> _ENTRIES SHOWN_
┏━━

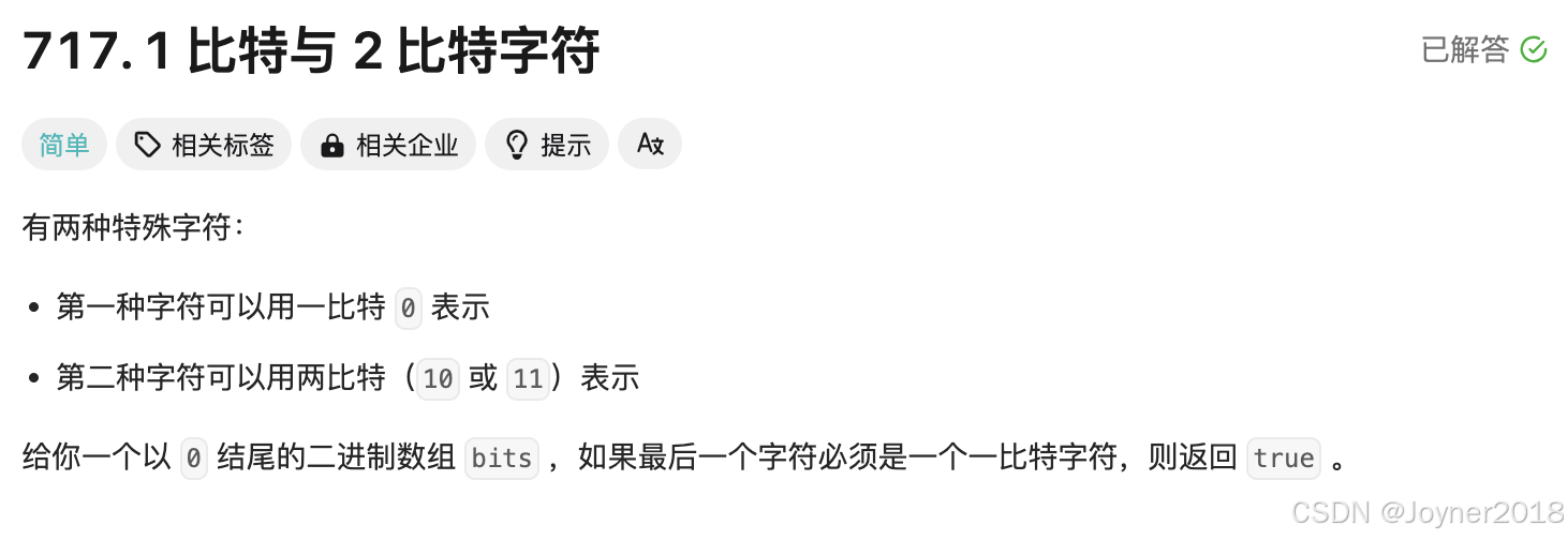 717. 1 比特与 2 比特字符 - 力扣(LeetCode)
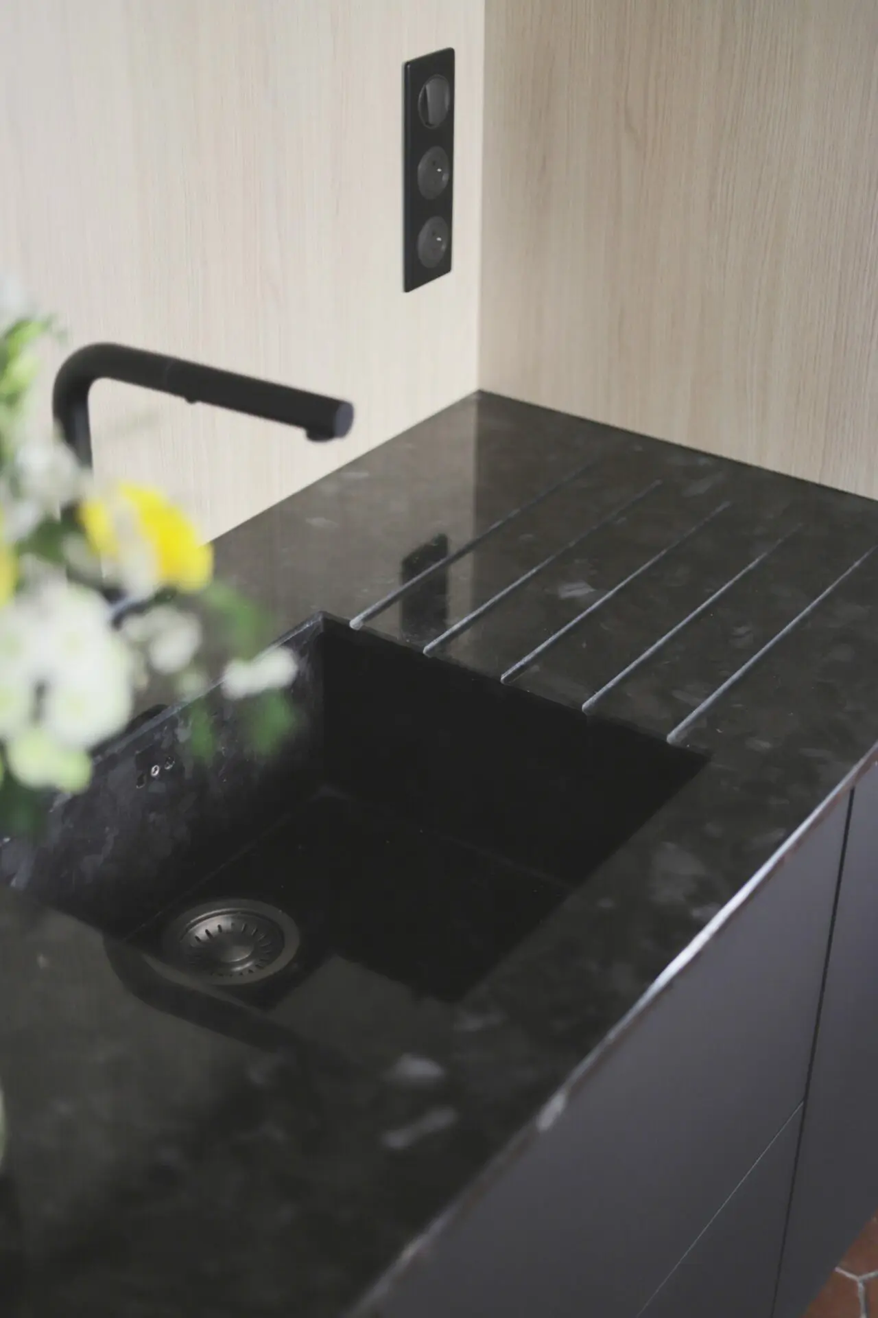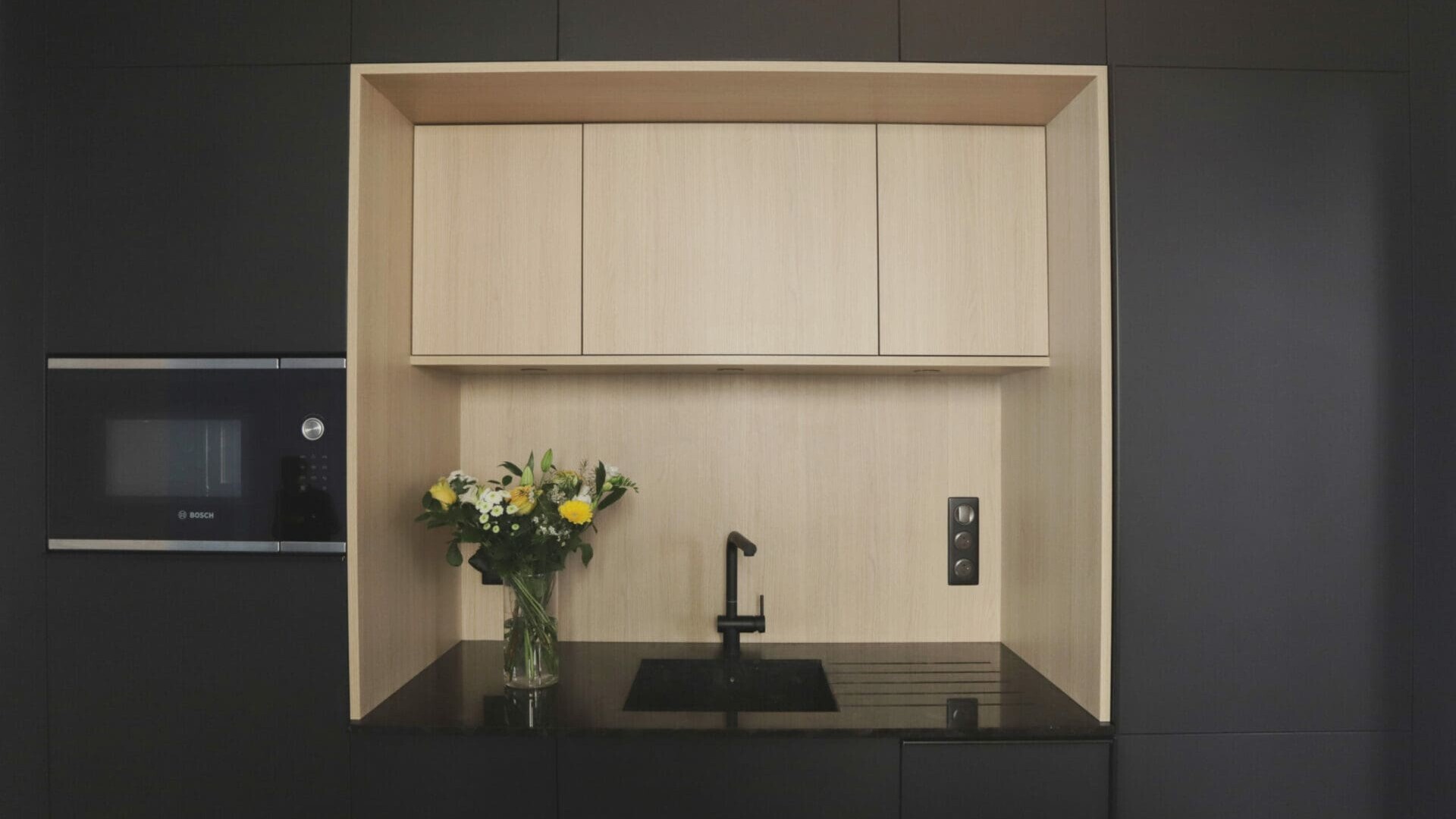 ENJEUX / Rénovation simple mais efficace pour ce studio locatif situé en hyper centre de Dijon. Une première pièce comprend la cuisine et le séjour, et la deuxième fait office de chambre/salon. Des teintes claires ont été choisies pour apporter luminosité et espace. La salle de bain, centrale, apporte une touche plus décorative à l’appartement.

┗━━
┏━━

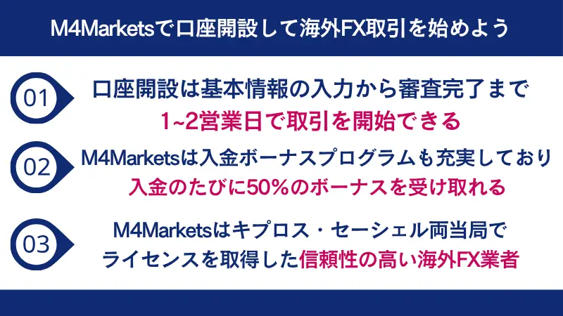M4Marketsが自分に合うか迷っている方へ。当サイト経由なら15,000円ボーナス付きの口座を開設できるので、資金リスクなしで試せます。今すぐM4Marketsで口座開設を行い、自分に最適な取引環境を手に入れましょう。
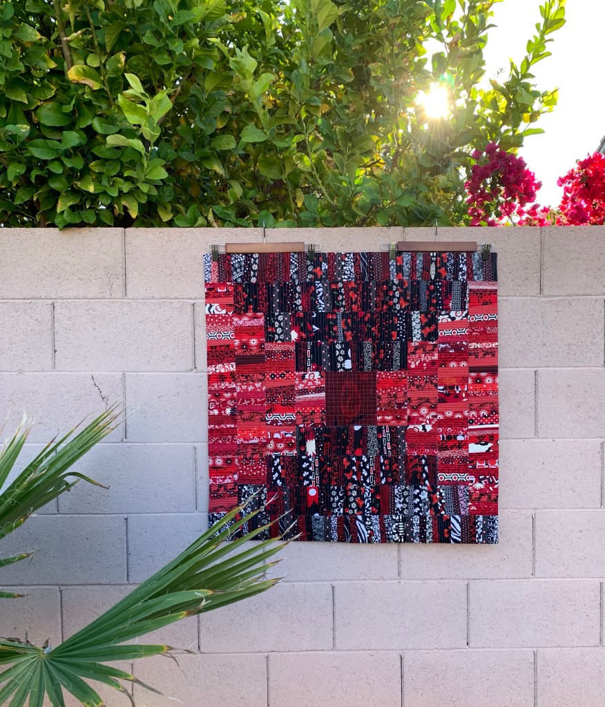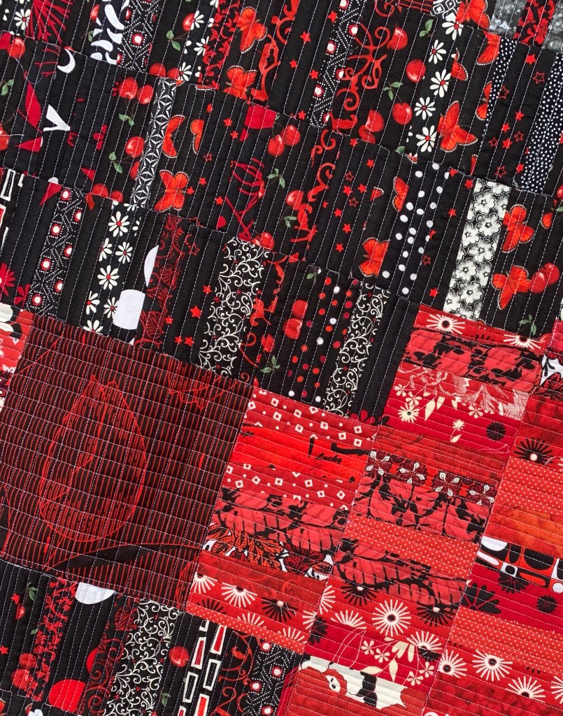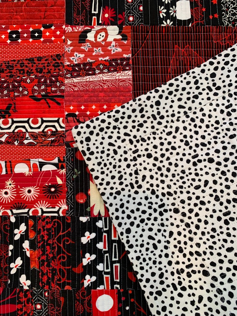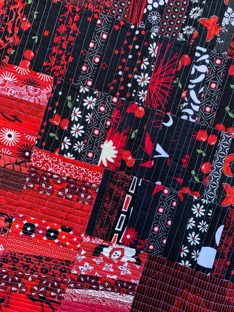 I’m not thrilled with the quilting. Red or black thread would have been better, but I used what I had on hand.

┗━━

> _WHAT IS REQUIRED_
Nothing but the lines from the one with "717. 1 比特与 2 比特字符 - 力扣(LeetCode)" up to and including the one with "ENJEUX / Rénovation" should be printed, exactly as they read above. Please keep the pictures out.

> _OUTPUT FOR THIS TASK_
 717. 1 比特与 2 比特字符 - 力扣(LeetCode)
 ENJEUX / Rénovation simple mais efficace pour ce studio locatif situé en hyper centre de Dijon. Une première pièce comprend la cuisine et le séjour, et la deuxième fait office de chambre/salon. Des teintes claires ont été choisies pour apporter luminosité et espace. La salle de bain, centrale, apporte une touche plus décorative à l’appartement.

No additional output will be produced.